Another section discussed a “planetary regime” that might be given responsibility for “determining the optimum population for the world and for each region and for arbitrating various countries' shares within their regional limits.”

In Tuesday e-mails to CNA, Rick Weiss, the Office of Science and Technology Policy’s Director of Strategic Communications, said the material at issue was from “a three-decade-old, three-author textbook used in colleges to teach energy policy.”

He could “easily dismiss” fears that Dr. Holdren favors government control over population growth.

“He made that quite clear in his confirmation hearing,” Weiss said.

He then quoted a section of the confirmation transcript in which Sen. David Vitter (R-LA) asked Holdren whether he thinks “determining optimal population is a proper role of government.”

“No, Senator, I do not,” was Holdren’s reply, according to Weiss and a transcript of the proceedings.

In other remarks at the confirmation hearing, not cited by Weiss, Holdren told Sen. Vitter he no longer thinks it is “productive” to focus on the “optimum population” for the United States. “I don't think any of us know what the right answer is.”

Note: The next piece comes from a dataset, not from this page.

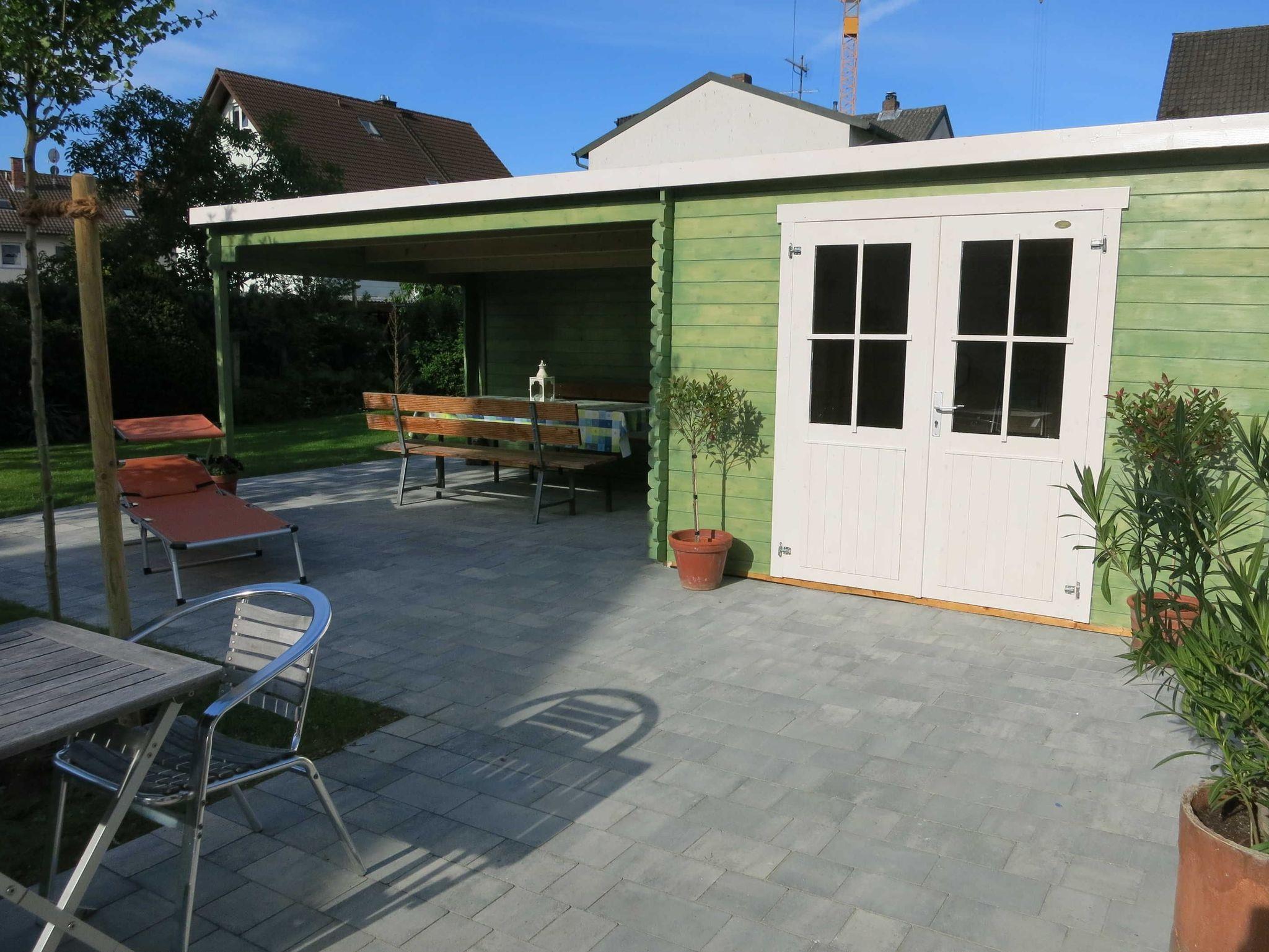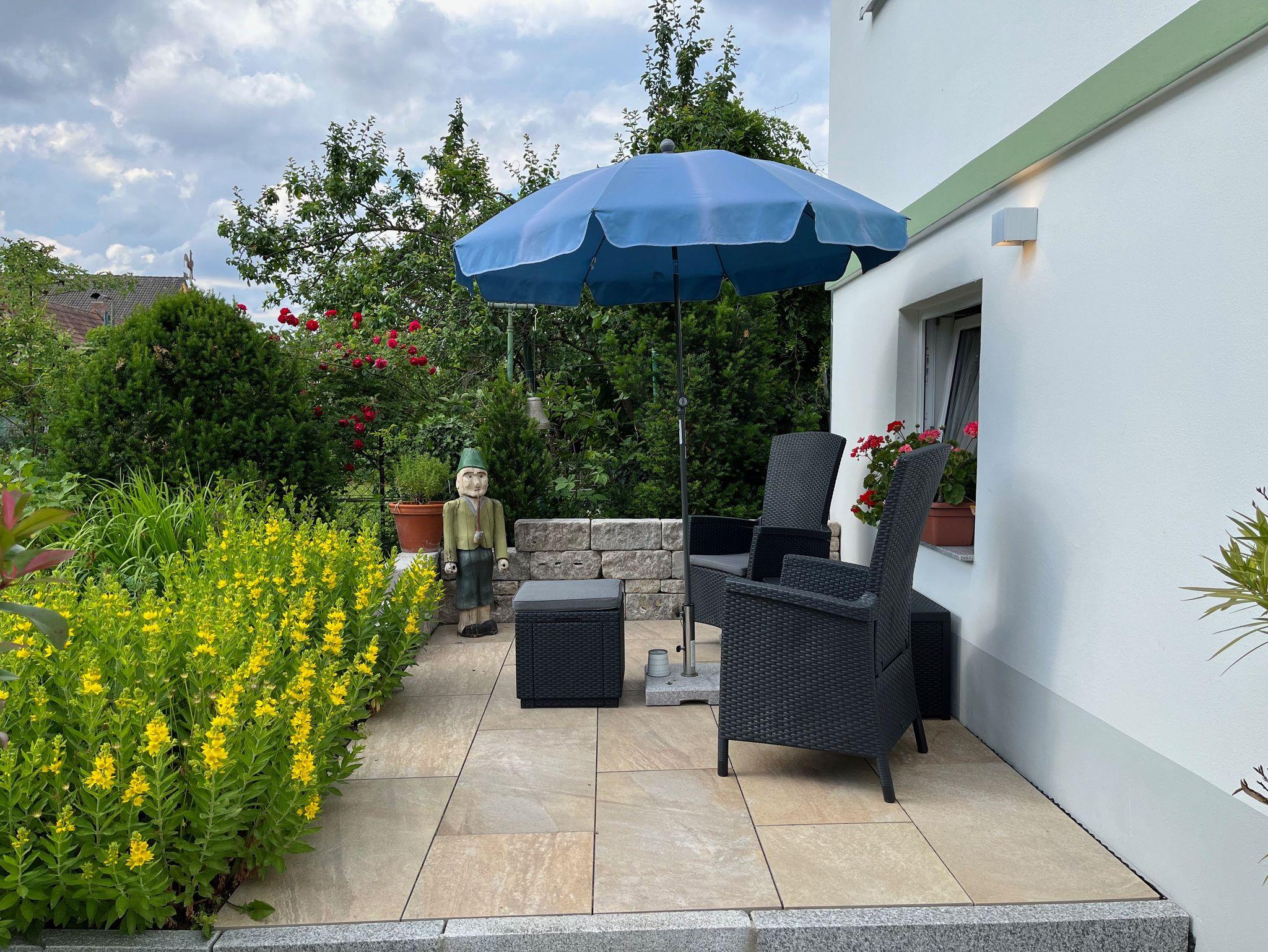 Unser kernsaniertes, helles Ferien-Apartment liegt im 1. OG eines kleinen Hauses auf unserem Anwesen, zurückgesetzt in unserem weitläufigen Bauerngarten. Von allen Fenstern blicken Sie ins Grüne, und auf der Westseite des Gebäudes steht Ihnen eine schöne Sonnenterrasse zur Verfügung. Neben dem Häuschen mit Ihrer Ferienwohnung befindet sich ein überdachter Freisitz, der vor zu viel Sonne und Regen schützt.

According to Weiss, Holdren “made clear that he did not believe in coercive means of population control” and is not an advocate for measures expressed in the book “and they are certainly not endorsed by this administration in any way.”

Weiss also provided CNA with a statement from the book's other two authors, Paul and Anne Ehrlich.

The Ehrlichs said they had been “shocked” at what they called the “serious misrepresentation” of their and Holdren’s views.

“We were not then,  never have been, and are not now 'advocates' of the Draconian measures for population limitation described -- but not recommended -- in the book's 60-plus small-type pages cataloging the full spectrum of population policies that, at the time, had either been tried in some country or analyzed by some commentator.”

Describing “Ecoscience” as a “textbook,” they said its descriptions can be “misrepresented as endorsement.”

Paul Ehrlich was the author of the 1968 bestselling book The Population Bomb, which predicted that massive famines in the 1970s would kill “hundreds of millions,” including Americans.

Coercive population control measures, including forced sterilizations and abortions, have been used in China’s one-child policy. In Peru in the 1990s, the U.S. Agency for International Development and the United Nations Population Fund provided support for what became an involuntary sterilization program which victimized an estimated 300,000 women.